Catherine has frequently appeared on "best-dressed" lists. People featured Middleton on its 2007 best-dressed list. She was recognised as one of Richard Blackwell's fabulous fashion independents in 2007. In January 2012, the Headwear Association recognised her as the "Hat Person of the Year". In July 2008 Vanity Fair included her on its international best-dressed list. She also topped the magazine's annual best-dressed list for a second time in 2012 and appeared as its cover star in September that year. Catherine was named in the International Best Dressed Hall of Fame List in 2014.

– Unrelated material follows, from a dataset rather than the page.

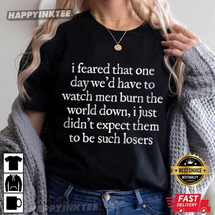 This I Feared One Day We’d Have To Watch Men Burn The World Down T-Shirt is bold, funny, and has a bit of an edge—it totally captures what a lot of people are already feeling. It has the phrase “I feared that one day we’d have to watch men burn the world down, I just didn’t expect them to be such losers,” mixing some serious social commentary with a sarcastic twist that really stands out.

In 2018, Tatler named her on its list of Britain's best-dressed people, praising her for "recycling her looks, rather than wearing them as one-offs", as well as her use of "both high-street and high-end brands". She topped the magazine's best-dressed list in 2022 and 2026, and was ranked first on its list of the most glamorous European royals in 2024. In 2024, The Daily Telegraph named her among the best-dressed men and women of the summer. British Vogue named her an "Eternal Influencer" and included her among the 50 best-dressed Britons in 2025.

Jess Cartner-Morley of The Guardian praised her ensemble at the Platinum Jubilee of Elizabeth II. An article in Tatler described her as the "queen of quiet luxury", noting how her preference for understated, high-quality pieces has set a new standard for modern royal dressing. Vanessa Friedman of The New York Times remarked that Catherine's coronation attire was highly symbolic and used fashion as a form of visual communication. While reception has generally been positive, some commentators have offered more critical assessments of her style; for example, Janet Street-Porter described her as the "Duchess of Drab", while Shobhaa De criticised aspects of her wardrobe during the 2016 tour of India and Bhutan.

In February 2025, a Kensington Palace source told The Times that Catherine preferred media focus on her causes rather than her clothing. Details of her outfits are no longer routinely issued to the press.